B. R : Au-delà des « outcomes » pour les jeunes diplômés, il faut définir l les compétences professionnelles des ingénieurs confirmés qui doivent permettre d’exercer partout en Europe (« common training frameworks »). Le travail est en cours, avec d’autres outils comme la carte professionnelle. L’Union européenne veut dépasser les structures et règlements nationaux qui bloquent encore la mobilité professionnelle. Ainsi, pourront s’établir des normes qui peuvent s’imposer à tous, si un nombre suffisant de pays s’engagent ? Pour les ingénieurs, il s’agirait des références d’EUR-ACE pour les diplômés et des compétences pratiques acquises dans le monde professionnel pendant au moins deux ou trois ans. Ce sont les associations d’ingénieurs qui sont à la barre dans le cadre de la Feani (Fédération européenne d’associations nationales d’ingénieurs) mais, pour l’instant, IESF (Ingénieurs et scientifique de France) est réservée sur leur intérêt pratique
O.R : Il existe également des standards mondiaux ?
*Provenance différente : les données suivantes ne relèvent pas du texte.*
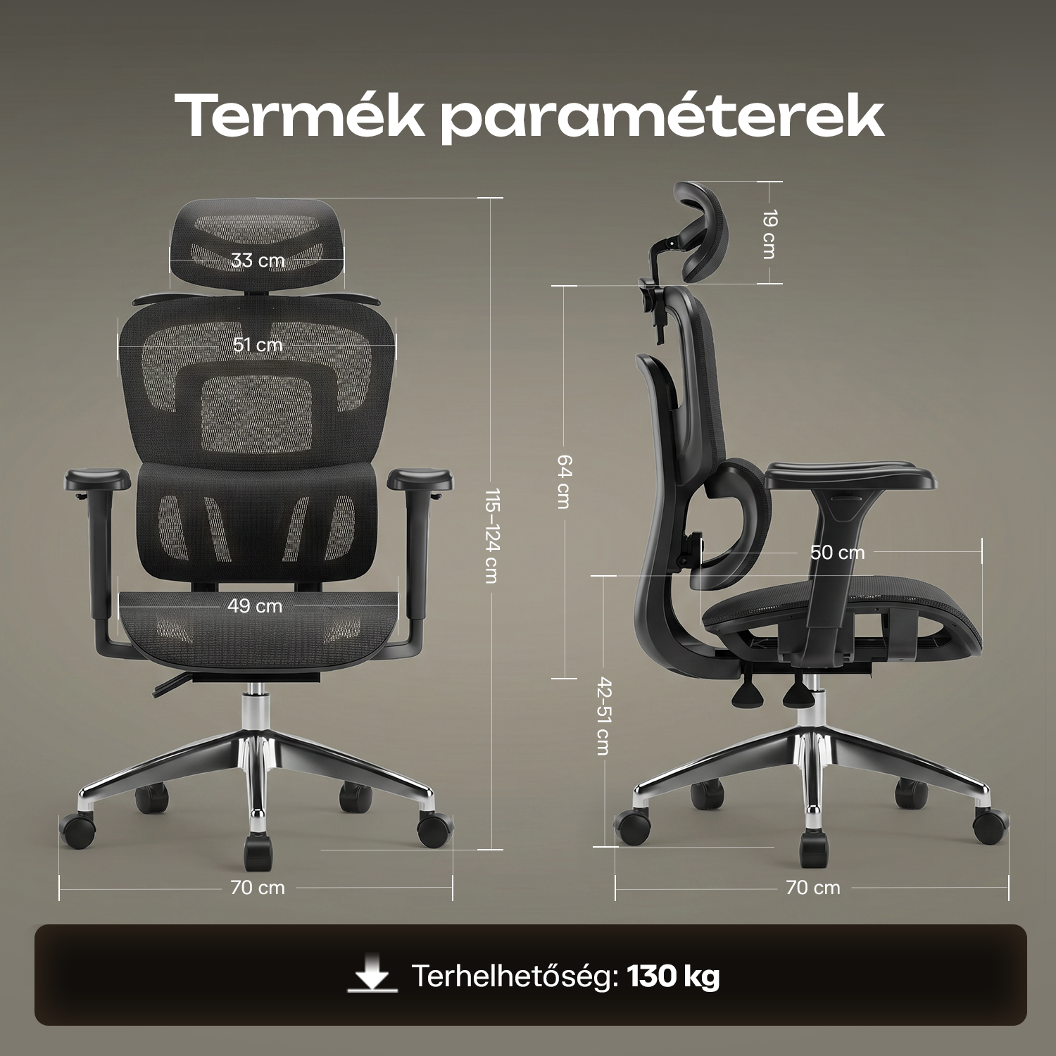 Operadlo možno sklopiť až do 135°, takže počas práce môžete jednoducho prejsť do relaxačnej polohy. Sedadlo má rozmery 49 × 50 cm a výšku nastaviteľnú v rozmedzí 42 – 51 cm. Sieťovaný „hollow out“ dizajn zaručuje výbornú priedušnosť a tvarovaná predná časť poskytuje pohodlnú oporu.

B. R : Au niveau mondial, à côté du réseau européen ENAEE, il existe une International Engineering Alliance (IEA) qui travaille au niveau ingénieur bachelor en 4 ans (sur le modèle américain) dans le cadre d’un accord signé en 1989, le Washington Accord, au niveau bac+3, ce qu’on appelle les « ingénieurs technologistes », dans le cadre du Sydney Accord. Il existe un dernier accord, celui de Dublin, pour les bac+2. A chacun de ces trois niveaux ont été définis des « standards métiers ». Des travaux sont en cours pour comparer les standards des 2 systèmes ENAEE et IEA. Le problème c’est que le niveau du bachelor américain est à bac+4 quand en Europe nous sommes calés sur les niveaux bac+3 (bachelor, licence) et bac+5 (master).
O.R : Aujourd’hui vous êtes concurrents avec l’ABET américain ?
B. R : ABET, comme agence est plutôt concurrent de la CTI française ou l’ASIIN allemande. Beaucoup de pays cherchent à construire leur système national d’accréditation pour améliorer la formation de leurs ingénieurs, même si le modèle américain avec l’ABET est très connu, beaucoup regardent avec intérêt le système européen EUR-ACE ; notamment en Amérique Latine ou en Afrique, des pays ne souhaitent pas travailler sur des standards américains et peuvent alors se tourner vers nous. Les deux systèmes EUR-ACE et IEA bien que concurrents travaillent ensemble à ce qui pourrait devenir des normes communes mondiales. Nous nous sommes mis d’accord sur les procédures pour accréditer les programmes, mais le chemin est long avant de converger vers des standards mondiaux pour les ingénieurs diplômés.